Sejanus!
/Our book today is Sejanus, a 1998 corker by a writer we’ll be meeting again in this Mystery Monday cavalcade: English mystery author David Wishart, whose whodunits are set in ancient Rome and star leisured, inquisitive, and smart-mouthed Marcus Corvinus and his equally-inquisitive wife Perilla. The books sport titles like Ovid, Nero, and Germanicus, so readers of I, Claudius and Claudius the God can expect plenty of familiar names to crop up – but one of the things I’ve always liked best about these books is how little they seem to care about the shadow of Graves’ monuments. These books owe a lot more to Dashiell Hammett and Mickey Spillane than they do to Graves’ beloved Tacitus and Suetonius; Wishart takes the conversational ease and contemporary feel of Lindsey Davis’ Falco novels and amps it up a dozenfold. As his sleuthing duo confer over wine and choice delicacies, they sound like downtown relatives of Nick and Nora Charles.
Sejanus, obviously, centers around the arch political operator of by that name, the feared emissary of self-exiled old emperor Tiberius. Sejanus is hated by most of the Senate in Rome to the exact same extent that he’s blindly trusted by Tiberius, in whose name he runs the empire and rules the City. At the beginning of the book, some senators approach Corvinus to sound him out on the possibility of digging up some dirt on the man, and unbeknownst to those senators (and to Corvinus himself, for a while), he has an added reason: a letter from the deceased empress Livia, urging him to help bring down Sejanus.
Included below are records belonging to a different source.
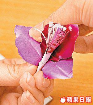 2.用舊雜誌剪出小正方形,剪碎底部,再捲成條狀作花芯。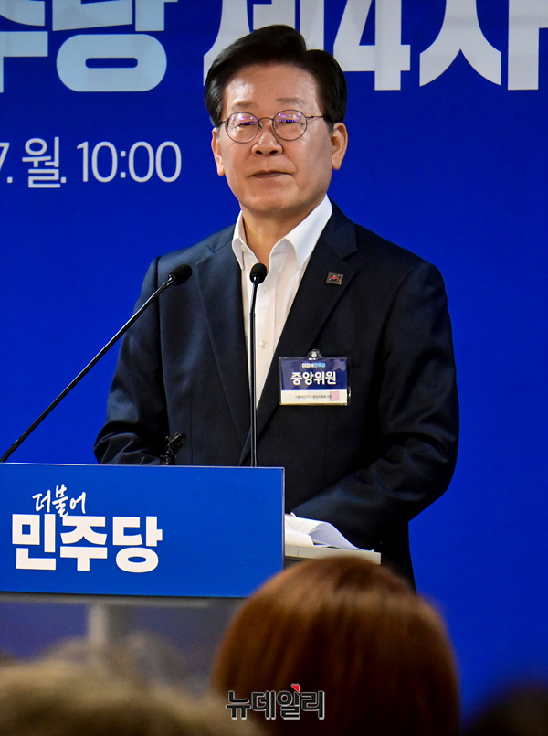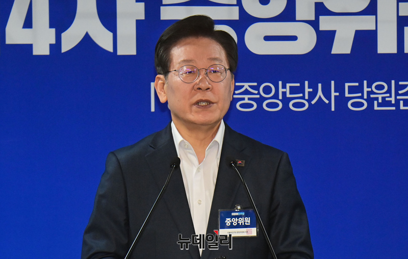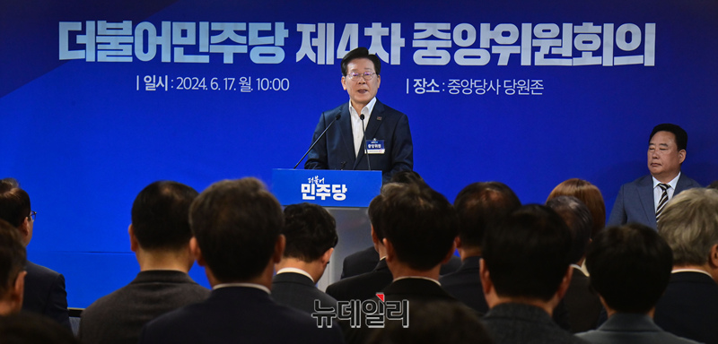 이재명 더불어민주당 대표가 17일 오전 서울 여의도 민주당 중앙당사에서 열린 제4차 중앙위원회의에 참석해 인사말을 하고 있다.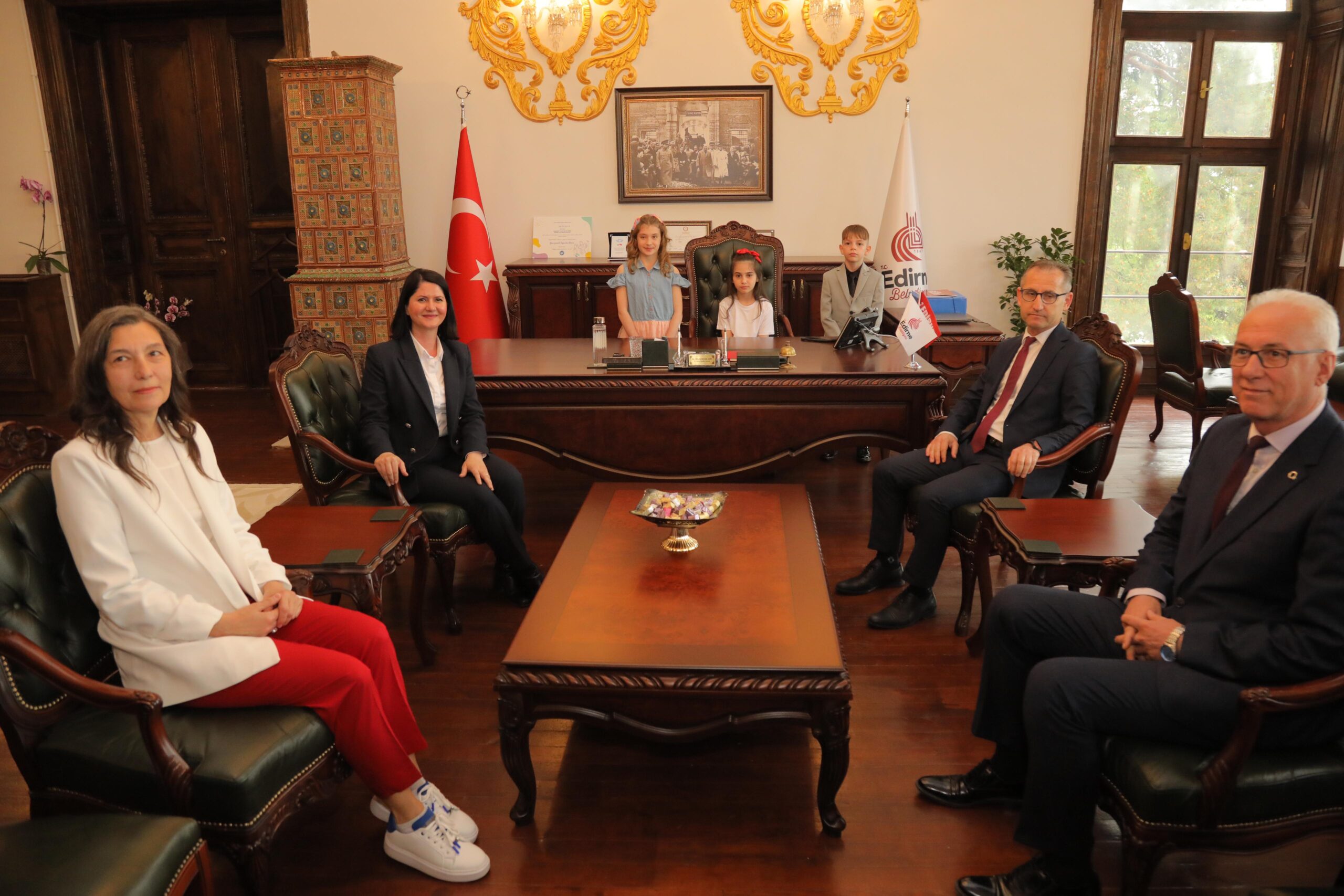 Edirne Belediye Başkanı Av. Filiz Gencan Akın, 23 Nisan Ulusal Egemenlik ve Çocuk Bayramı nedeniyle kendisini ziyarette gelen İl Milli Eğitim Şube Müdürü Ercan Aras, 50. Yıl İlkokulu Müdürü Arif Bekler, Sınıf Öğretmeni Özlem Kavas ile 50. Yıl İlkokulu öğrencileri Defne Ataçay, Asrın Tekin ve Mina Koşar’ı kapıda karşıladı. Belediye Başkanı Av. Filiz Gencan Akın, kendisini ziyarete gelen öğrencileri, kucaklayarak 23 Nisan Ulusal Egemenlik ve Çocuk Bayramını kutladı.

Corvinus agrees to snoop, which means sifting through mountains of Senatorial records. Apparently mundane developments like that always give Wishart, a classics scholar, prime opportunities to work in some of the factual exposition he does so well:
Okay so far. There was one other possibility, that the records had been tampered with physically. Senatorial records, like normal books, are made up of standard-sized sheets glued together top to bottom and wound on a spindle. If someone wanted to lose a piece of text at the start of finish of a sheet all they’d have to do would be detach the page, cut it across at the appropriate point and glue it back along the new edge. Taking out a passage in the middle of the page would be more difficult, and so easier to spot; at the very least there’d be traces of rubbing, maybe signs of a different hand or a different colour ink in the necessary filler if the forger wasn’t all that competent.
But it’s the personalities that make these books, of course: Wishart has a gift for cutting characters in fine detail – including, in this book, inevitably, one of the toughest characters in all of Roman history, th much-misunderstood, much-maligned Tiberius himself. When most of the fireworks and plot twists are over in Sejanus, Corvinus finds himself sharing a skin of wine with the terrifying old man, and Wishart gives him a little personal summation that’s better than any of the long-winded justifications he got in Graves:
‘Oh yes, the rumours.’ The yellow teeth flashed in a snarl. ‘That I indulge my depraved tastes with a constant round of perversions. That I live on aphrodisiacs and bugger painted children in the open air.’ I said nothing; I hadn’t known that he knew. ‘Fools can believe what they like, Corvinus. I’ve never cared about their opinion. And so long as my writ runs and I hold the empire here‘ – he held out a clenched fist – ‘I’ll take Capri and slander over Rome and the petty squabbles of her fawning lickspittle Senate any day. In the end I’ll be judged on my actions and not on wineshop gossip. And if I’m not then the future can go and fuck itself. Clear?’
Clear enough! God I love these books.